1. What Is Digital Forensics?

Abstract

This chapter introduces the concept of digital forensics and provides a discussion of what computer forensics is, examining data in order to reconstruct what happened in a digital environment. Further, the chapter discusses the steps involved in a forensic examination in a digital environment, from collecting evidence to reporting on the findings of the examination. Common constraints and processes handled during a forensics examination are also introduced. Emphasis is put on making the reader understand the reason for a computer forensic examination and the fact computer forensics follows the same rules and regulations as traditional forensic disciplines. The fact that a forensic examination is commonly initiated for a reason, answering some question, is also described. The aim of the chapter is to provide the reader with a brief and non-technical overview of the subject. As such, the chapter can be read and understood without any technical knowledge.

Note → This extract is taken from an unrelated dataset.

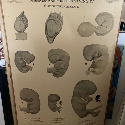Gammel svensk undervisningsplanche, anskuelsestavle med to sider. Svenska Skolmaterielförlaget, Gunnar Saietz, Stocholm. Motiv: Planternes liv: 2. stammen og oldenborrens livscyklus. /Vidste du det? Oldenborrens larve lever tre år i jorden, inden den forpupper sig. Den voksne oldenborre lever først nede i jorden og kommer først frem om foråret det fjerde år. Tidligere talte man om oldenborreår hver fjerde år. Mål: 70 x 100 cm. Da det er gamle plancher, kan der forekomme patina. Fra ryge- og dyrefrit hjem.

Joakim Kävrestad, Marcus Birath, Nathan Clarke

2. Ethics and Privacy

Abstract

The world is becoming more and more digitalized and so is the way that crimes are committed. It goes without saying that criminals act using digital means and digital environments play a big role in modern crime investigations. While this means that much information of evidentiary value can be found using various digital sources, the way in which the information can be accessed is controlled by law. It is an undeniable fact that many actions taken during a criminal investigation are, by definition, actions that compromise the privacy of the suspect and it is important to take note of that fact as a forensic examiner. This chapter discusses ethical (and legal) dilemmas that are part of the day-to-day life for a forensic examiner. The chapter will also present and discuss ethical questions concerning measures that are discussed or implemented around the world, such as police hacking and key disclosure laws.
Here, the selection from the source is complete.